In the world's cities, people on low incomes are being pushed out of the city by high housing prices; they are getting 'the push'. UN Housing Rapporteur Leilani Farha warns against the price-raising effect of the housing market from investors.
"Cities have become a playground for the rich. They are inaccessible to low and middle income earners. Those are being pushed out of the city."
Documentary maker Fredrik Gertten follows Leilani Farha during her visit to cities such as Montevideo, Malmö, Toronto, Barcelona, London and Berlin. In every city a harrowing picture is shown. The last family in a dilapidated apartment building in Barcelona. In Stockholm, run-down neighbourhoods are being renovated, but the rent increases mean that the old residents cannot move back. Most impressive was the Grenfell Tower in Notting Hill which burned down in 2017, killing dozens of people. Many survivors still do not have a new home.
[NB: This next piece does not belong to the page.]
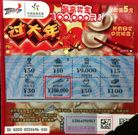 1月15日下班后,小朱像往常那样准备回家,看时间还早,他就去了12658体彩销售点,看到桌上剩的4张“过大年”,顺手全买下了。“第一张刮开就有双筷子,一来就中了,心里还挺乐。”小朱暗想自己运气不错,100块这么容易就到手了,可再仔细瞧,怎么后面还跟了一串“

A stark contrast to another neighbourhood in Notting Hill, which is not inhabited as the homes are traded by speculators. The area is unaffordable and therefore uninhabitable. The first squatters have already been spotted.
"Stones bring in more than gold."
Leilani Farha believes that the right to decent housing is a fundamental human right and is starting to lobby municipalities and government.
The aftertalk will be led by Tracy Metz. She is a journalist, author and presenter.
Wouter van Gent provides a substantive impetus to the discussion. He is Assistant Professor of Urban Geography at the University of Amsterdam. He explains the issues from his expertise and gives more colour to the Dutch situation.
The audience reacted to the documentary by telling about their personal experiences, the financial support for children when they buy a house (how else can you get them out of the house?), the expensive rental system in Amsterdam and a pithy reaction about the one-sided image that is portrayed in the documentary.
JBR is a sponsor of Club IDFA, which means, among other things, that we and our good relations are allowed to visit the festival every year. We are seated in the very comfortable Hall 2 of Pathé Tuschinski in Amsterdam.
Afterwards, the discussion in the VIP lounge continues over drinks and a delicious buffet dinner.
We enjoyed the involvement and the different points of view. We would like to thank everyone for attending.